ARM has 16 regs but note that this includes the stack pointer, link register, and PC. So i think we're okay but not 100% sure.
---
mb dont specify bitwidth, except that it's at least 32. Not a problem b/c e.g. 32-bit width can be emulated by the programming by bitmasking (ANDing with 2^31) after each op. int32 ops in LOVM could compile to op+bitmasking in Boot.
---
---
how does AArch64 do it?
https://stackoverflow.com/questions/44949124/absolute-jump-with-a-pc-relative-data-source-aarch64
says to "rely on the compiler generated literal pools as usual:
LDR x9, =0xBADC0FFEE0DDF00D BR x9 "
https://modexp.wordpress.com/2018/10/30/arm64-assembly/#branch also has a 'B' mnemonic tho
https://wiki.cdot.senecacollege.ca/wiki/AArch64_Register_and_Instruction_Quick_Start uses 'BR'
according to https://armkeil.blob.core.windows.net/developer/Files/pdf/graphics-and-multimedia/ARMv8_InstructionSetOverview.pdf , B has a range of +-128 MB; that's about 28 bits
so, seems like the AArch64 way is:
according to https://developer.arm.com/documentation/dui0473/c/writing-arm-assembly-language/literal-pools the literal pool offset from the instruction can be +-4k or +1k for 16-bit Thumb code.
mb see also discussion at https://stackoverflow.com/questions/41906688/what-are-the-semantics-of-adrp-and-adrl-instructions-in-arm-assembly
however, in Boot, since we may be compiling Boot to some other ISA, we don't like indirect jumps to loaded constants, because the compiler needs to be able to identify all potential jump target immediates to fix them up once the actual locations are known. But perhaps there's some advantage to grouping together these addresses into a 'literal pool'? Not sure.
---
okay i split jrel into 3 variants:
the idea is that:
a fancy assembler can offer a jrl pseudoinstruction and then just use the smallest one it can for each relative jump.
---
i guess one benefit to 'literal pools' is that literals can have natural alignment. In my current proposal, in the 16-bit or variable-length encoding, a 32-bit constant could be not in 32-bit alignment.
but, in the variable length encoding, you're always reading instructions which aren't aligned anyways, and in the 16-bit encoding, things are only 16-bit aligned which probably is smaller than the wordsize on the underlying platform anyway.

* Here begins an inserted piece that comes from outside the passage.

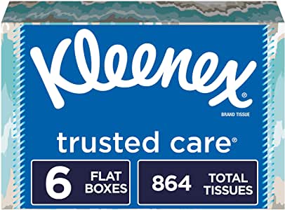 - Contains 6 flat boxes, 144 Kleenex Trusted Care Everyday tissues per pack
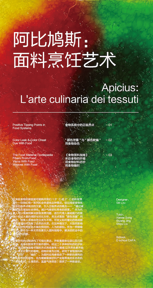作品简介:仅来自食物的排放就可能耗尽我们 1.5°C 或 2°C 的所有预算——但我们有一系列机会来避免这种情况。经过阅读食物系统中的临界点概念的文献,引入正临界点的概念—— “通过减缓或适应增加社会弹性,减少气候变化带来的损害。”作为代理人可以落脚到解决厨余浪费问题,进行代理人基础能力的提供。经过大量的调研与对比分析,关注点落到“颜色泄漏”问题上,探索人类将自然分类为不同、可定义和可量化的组成部分的愿望如何忽略了自然的本质。在这种情况下,大自然影响了我们对世界配色方案的预定的、人为的感知。作为一种隐喻提示,将作为一种天然色素引入面料指南中,解决纺织业中的染色废料问题。

And having a literal pool (a) means maybe more memory traffic, because the literal pool is not necessarily next to the instruction, and (b) might complicate the compiler, which has to fix up things that are not known to be jump targets except that some jump instruction refers to them (esp. if the referring jump is after the literal pool).
i am not enough of an expert of this stuff to know which of those is worse. For now i'll leave it like this.
---
riscv really does include the jump immediate in the instruction, mb we should too, for the 16 bit encoding?
done
---
could have a special register that is (or may be in some cases/is permitted to be) cleared at the end if each instruction except for li. that allows the implementation to treat li to that register as fused with the following instr, aloowing the benefits of having some instructions being floowed by an immediate value without actually doing that. or, could get a similar effec while still have the 'real' opcode first by constraining the data in the second part to be some special instruction ( ut then the data has to be parsed out...)
---
hmm i dunno i'm thinking again about the choice to have jump instructions that reference words in the instruction stream. wont this mess up hardware implementations bigtime? Because a hardware implementation can't assume that it has all the information it needs to execute an instruction after loading the instruction.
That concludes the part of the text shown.